To date, they have three CDs, 2003's Touch It, 2005's Suck, and the 2014 greatest hits album "Take It All", as well as appearances on comedy music compilation CDs such as both volumes of Laughter Is A Powerful Weapon and Technobabble. Other comedy musicians have also appeared on Raymond and Scum albums, such as Worm Quartet and Sudden Death. "Weird Al" Yankovic's drummer, Jon "Bermuda" Schwartz, also played drums on two tracks of Suck.
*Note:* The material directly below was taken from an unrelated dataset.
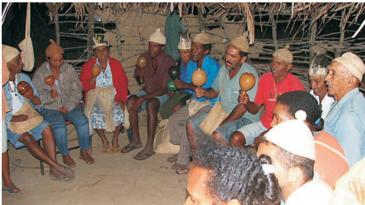
Ritual Tumbalalá (NECTAS, 2008)

In 2007, R&S joined the great Luke Ski, Tom Smith, and Rob Balder to form The FuMP (The Funny Music Project), a web site providing free comedy music downloads every Tuesday and Friday.

==Discography==

===Studio albums===
- Touch It (2003)
- Suck (2005)
- Take It All (2014)

===Downloadable singles===
- "Nothing's Gonna Tear Us Apart (Love Theme from Stupid Teenagers Must Die!)" (2006)

===Compilations===
- The Best Of The All-U-Can-Eat Buffet Of Musical Madness Vol. 1 (1998)
- The Best Of The B.O.R.E.D. Tour Vol. 1 (1999)
- The Best Of The All-U-Can-Eat Buffet Of Musical Madness Vol. 2 (2000)
- Laughter Is A Powerful Weapon: Funny Musicians For A Serious Cause (2002)
- The Crazy Jay Show presents White Trash Comedy (2003)
- Dr. Demento's Basement Tapes 12 (2003)
- Mr. Snail's Halloween Party (2005)
- Laughter Is A Powerful Weapon Vol. 2 (2005)
- Technobabble (2006)
- The FuMP Volume 1 (2007)
- The FuMP Volume 2 (2007)
- The FuMP Volume 3 (2007)
- The FuMP Volume 4 (2007)
- The FuMP Volume 5 (2007)
- The FuMP Volume 6 (2007)
- The FuMP Volume 7 (2008)
- The FuMP Volume 9 (2008)
- The FuMP Volume 10 (2008)
- The FuMP Volume 11 (2008)
- The FuMP Volume 14 (2009)
- The FuMP Volume 17 (2009)
- The FuMP Volume 19 (2010)

===Guest appearances===
- Hot Waffles: Ready To Laugh? We Don't Care (2005)
- The Radio Adventures Of Dr. Floyd - The Complete Season 3 (2006)

===Out-of-print CDs===
- Til Someone Loses An Eye: The Safety Tips Compilation (1999)
- Raymond and Scum: Almost EP (1999)
- The Crazy Jay Show Featured Artists Vol. 1 (2000)

===Other appearances===
- Raymond and Scum performed "Nothing's Gonna Tear Us Apart (Love Theme From Stupid Teenagers Must Die!)" for the end credits of the indie horror/comedy flick directed by vocalist Jeff Smith, Stupid Teenagers Must Die!.
- Matthew and Jeff portrayed Lewis and Clark on The Radio Adventures of Dr. Floyd.